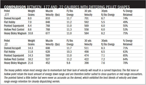 Calibre choice comes down to your preference and abilities and the range at which you are comfortable taking shots at. Also remember PCPs generally work better with heavy pellets. Spring-guns and gas rams willwork better with medium or lightweight pellets. For most shooters the .22 will harvest quarry up to 35 yards or so, but the .177’s flatter trajectory will make connecting with your target a lot easier up to and past this range.
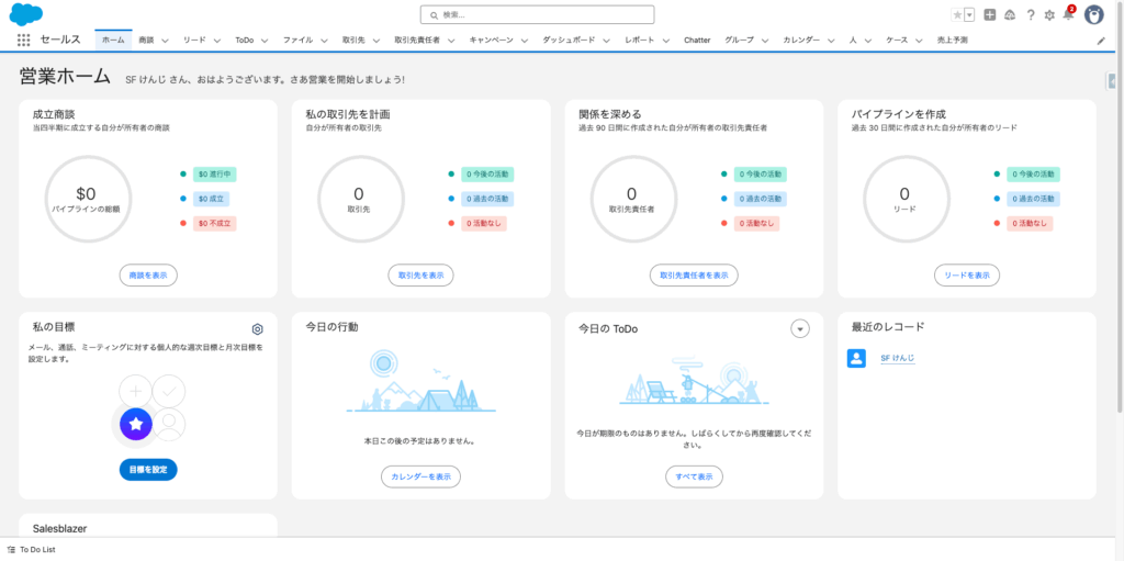 ホーム画面は、Salesforceにログインした直後に表示されるページで、日々の業務の出発点となります。
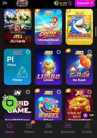 2V Game is an online gaming app that offers slots, card games, and other quick games. Players join the platform, play games, and earn real money.then The app focuses on simple design and smooth gameplay.

..........

_EXERCISE INSTRUCTIONS_
Leaving the pictures out, give back each line above exactly.

_OUTPUT FOR THIS TASK_
 Calibre choice comes down to your preference and abilities and the range at which you are comfortable taking shots at. Also remember PCPs generally work better with heavy pellets. Spring-guns and gas rams willwork better with medium or lightweight pellets. For most shooters the .22 will harvest quarry up to 35 yards or so, but the .177’s flatter trajectory will make connecting with your target a lot easier up to and past this range.
 ホーム画面は、Salesforceにログインした直後に表示されるページで、日々の業務の出発点となります。
 2V Game is an online gaming app that offers slots, card games, and other quick games. Players join the platform, play games, and earn real money.then The app focuses on simple design and smooth gameplay.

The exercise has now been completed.